**Information shown**

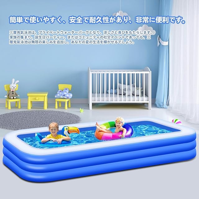 【安定感抜群の三気室仕様】このファミリープールは、三つの気室があり、短時間で簡単に空気を注入できます。空気の偏りが起きにくく、水を溜めても安定した設計となっています。排水ホースも付いており、面倒な排水もスムーズに行え、後片付けも楽々です!水を抜く穴が貫通していない場合は、小さな穴を開けても楽しく遊ぶことができます。このファミリープールで、安心して家族みんなで楽しい時間を過ごしましょう!
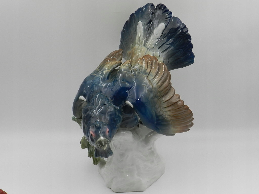 Красива велика фігура глухаря, який спаровується, сидить на присадкуватому тулубі з опущеною головою, розпущеним хвостом і злегка розчепіреними крилами. Статуетка виготовлена з надзвичайною ретельністю, відтворюючи найдрібніші деталі як за формою, так і за кольором, створюючи враження майже живої. Рідкісний екземпляр за розміром.
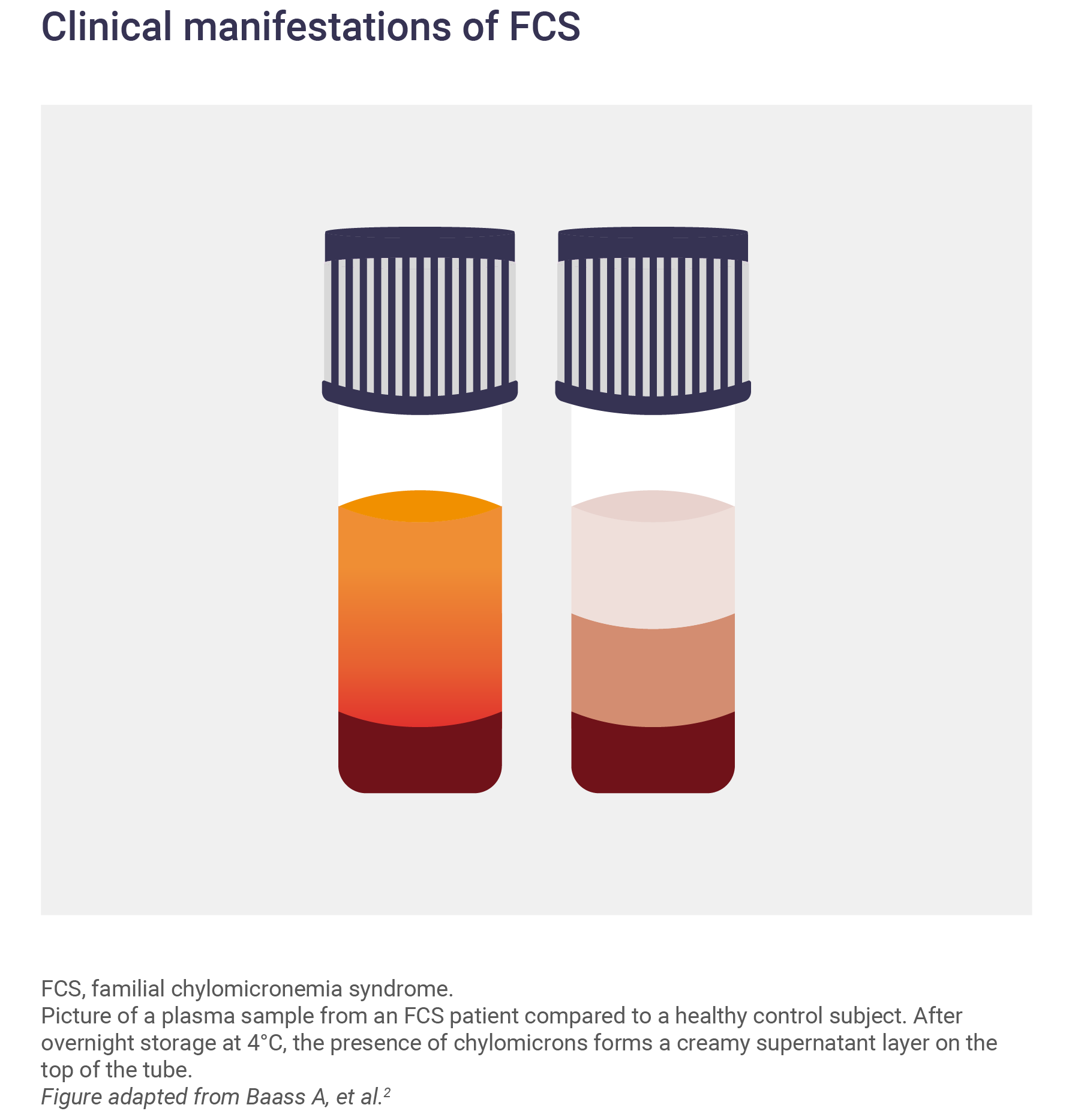 FCS is characterized by persistent chylomicronemia with high plasma TG levels (>1,000 mg/dL), even after a period of fasting.3,7
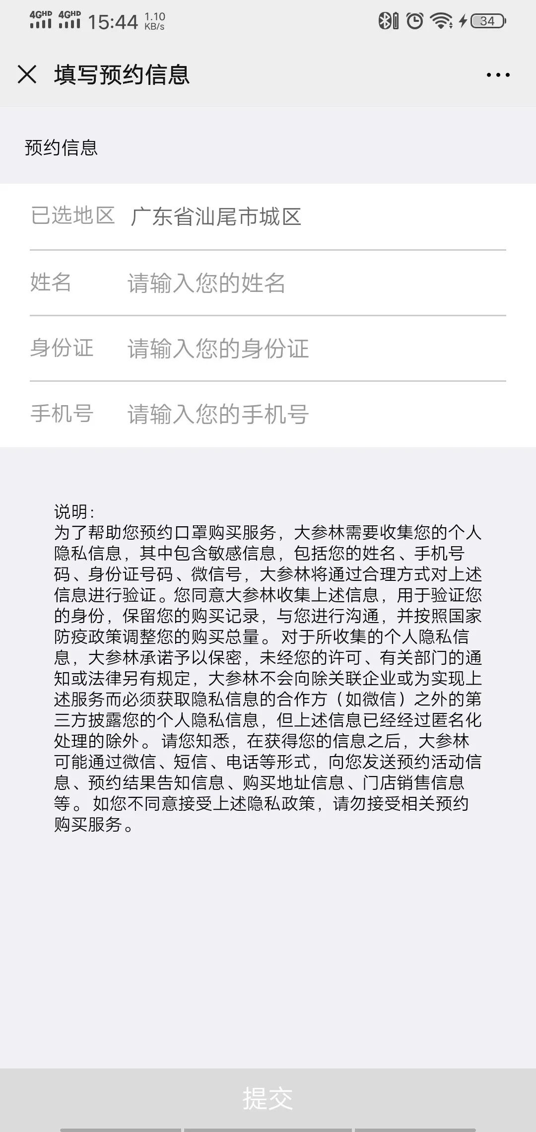 ④选择区域后,填写预约信息;
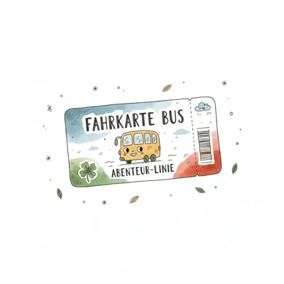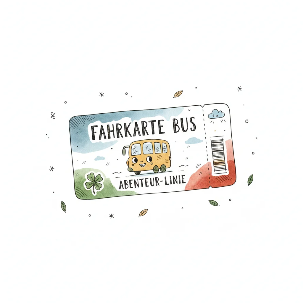 Bunte Busfahrkarte mit fröhlichem Bus, abenteuerlichen Motiven.
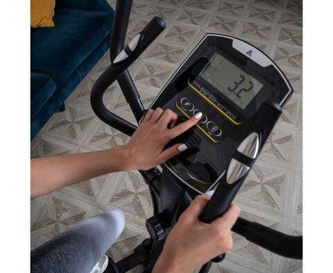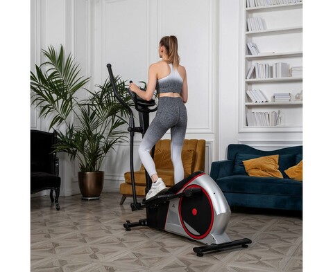 Среднегабаритный эллиптический тренажер для домашнего использования. Тренажер имеет магнитную систему нагружения, с механической регулировкой нагрузки. 8 фиксируемых положений нагрузки с помощью удобной ручки на стойке тренажера.
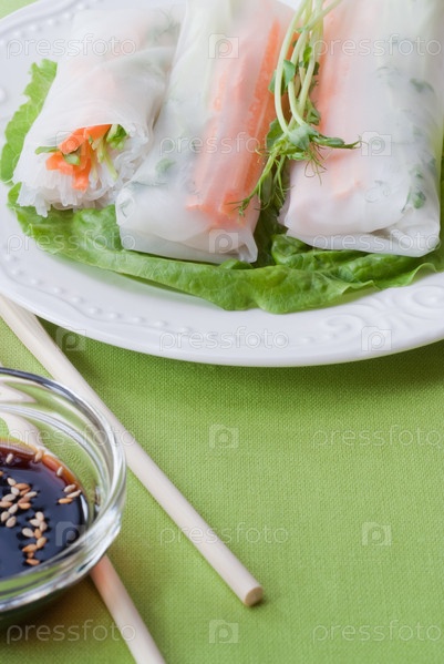Рисовые блинчики "спринг ролл" с ростками гороха и морковью
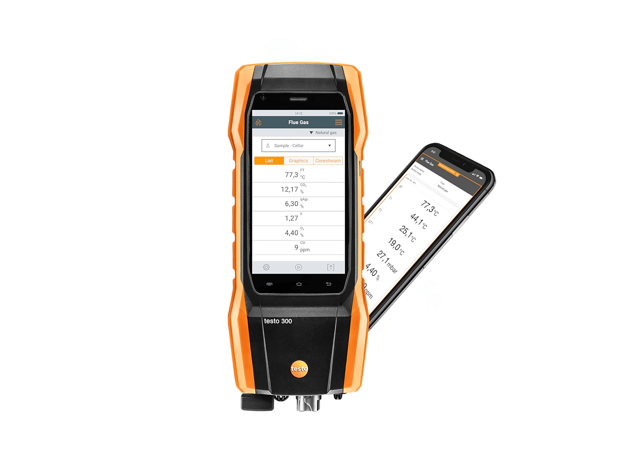 Parallel zur Abgasmessung mit dem testo 300 können mit den testo Smart Probes bis zu vier zusätzliche Parameter erfasst werden.
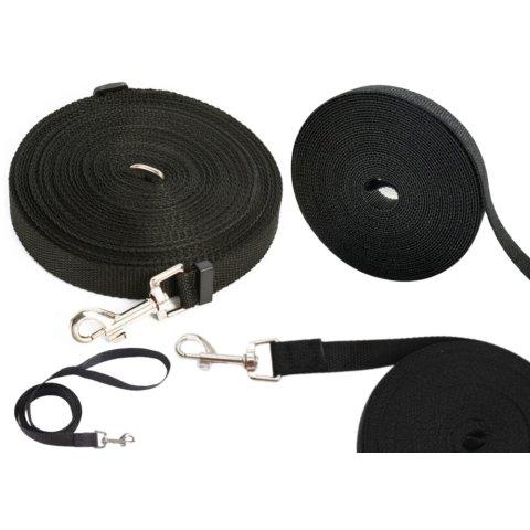 Hevederszalagból készült, 5 m-es tréningpóráz kutyáknak – fekete nyakörv, póráz, hám kutyáknak 1 kép
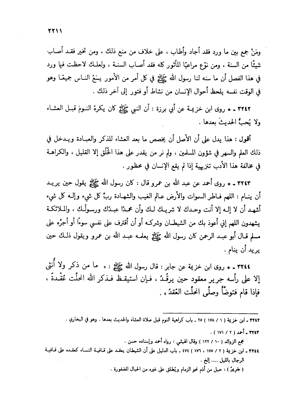 3244 - * روى ابن خزيمة عن جابر: قال رسول الله صلى الله عليه وسلم: "ما من ذكر ولا أنثى إلا على رأسه جرير معقود حين يرقد، فإن استيقظ فذكر الله انحلت عقدة، فإذا قام فتوضأ وصلى انحلت العقد".
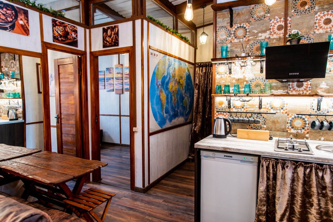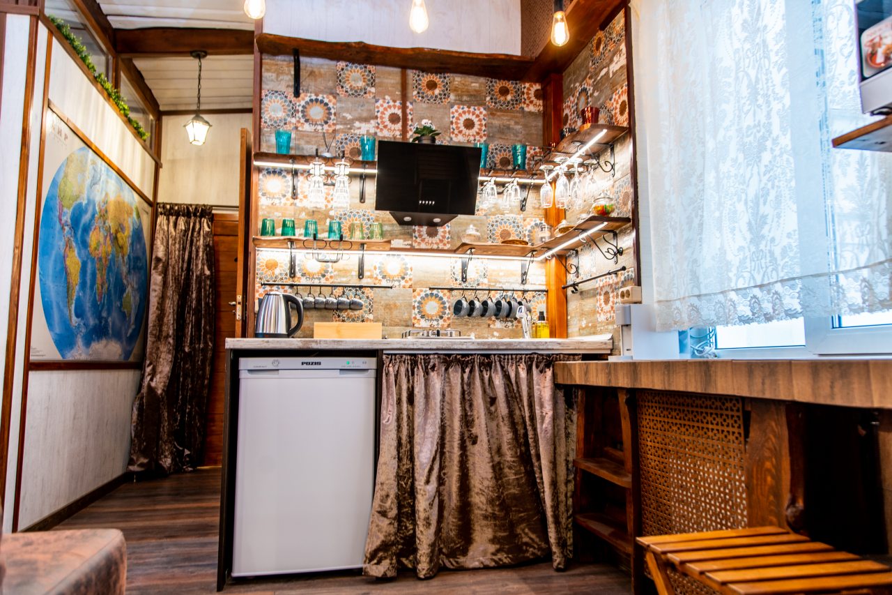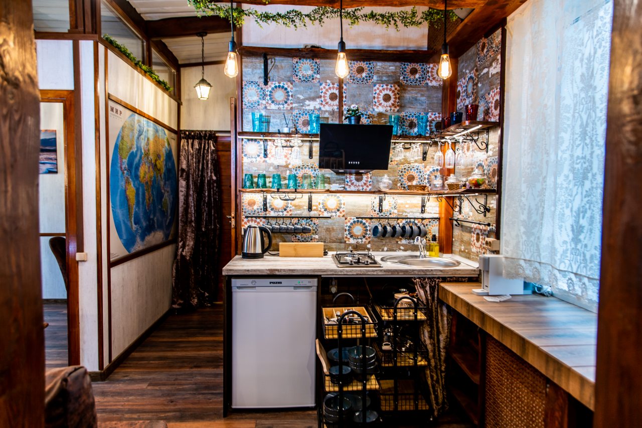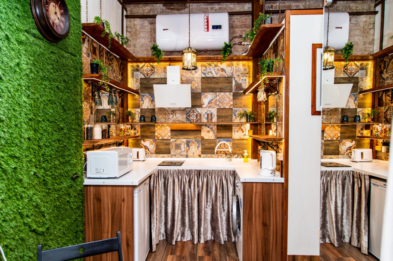 В гостевом доме имеется кухня, в которой располагаются холодильник, микроволновая печь и другие нужные принадлежности для приготовления еды. Неподалеку располагаются кафе и магазин продуктов питания.
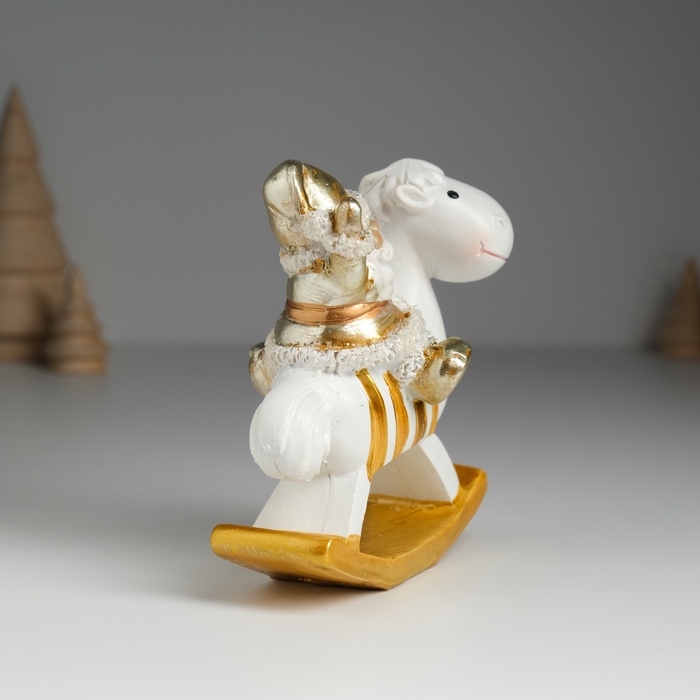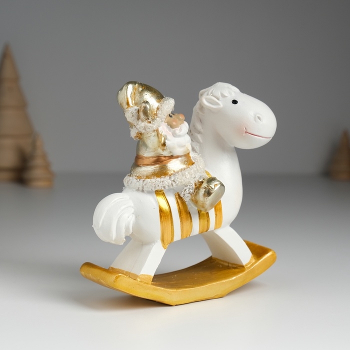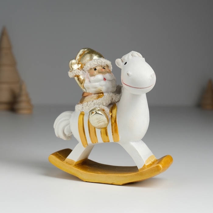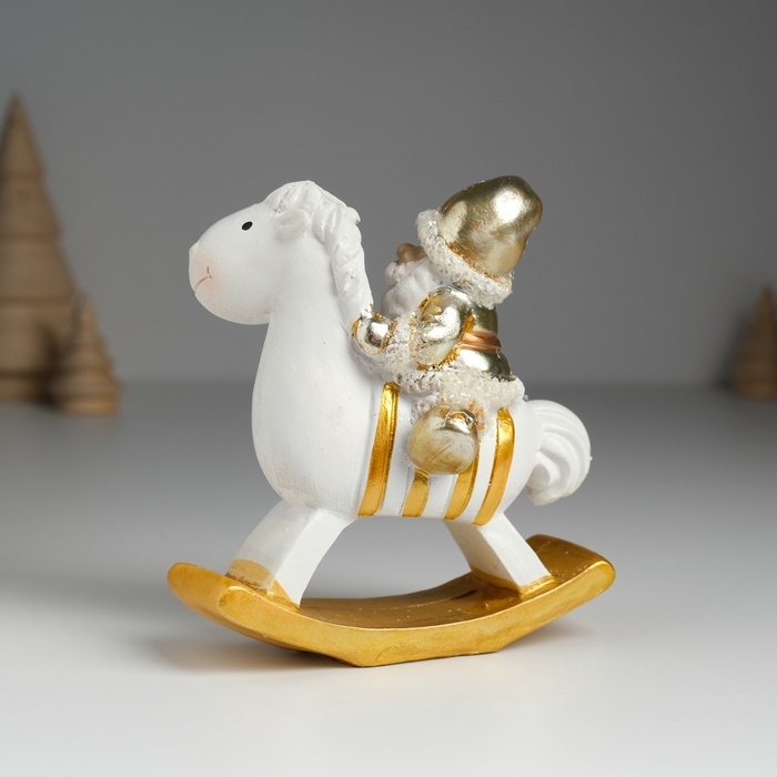 Сувенир полистоун "Дед Мороз в золотом кафтане на лошадке-качалке" 10,5х6х11,5 см

**Activity**
The pictures stay out; repeat exactly the lines from the one with "гороха и морковью" to the end of the entries above, and nothing else.

**The answer**
Рисовые блинчики "спринг ролл" с ростками гороха и морковью
 Parallel zur Abgasmessung mit dem testo 300 können mit den testo Smart Probes bis zu vier zusätzliche Parameter erfasst werden.
 Hevederszalagból készült, 5 m-es tréningpóráz kutyáknak – fekete nyakörv, póráz, hám kutyáknak 1 kép
 3244 - * روى ابن خزيمة عن جابر: قال رسول الله صلى الله عليه وسلم: "ما من ذكر ولا أنثى إلا على رأسه جرير معقود حين يرقد، فإن استيقظ فذكر الله انحلت عقدة، فإذا قام فتوضأ وصلى انحلت العقد".
 В гостевом доме имеется кухня, в которой располагаются холодильник, микроволновая печь и другие нужные принадлежности для приготовления еды. Неподалеку располагаются кафе и магазин продуктов питания.
 Сувенир полистоун "Дед Мороз в золотом кафтане на лошадке-качалке" 10,5х6х11,5 см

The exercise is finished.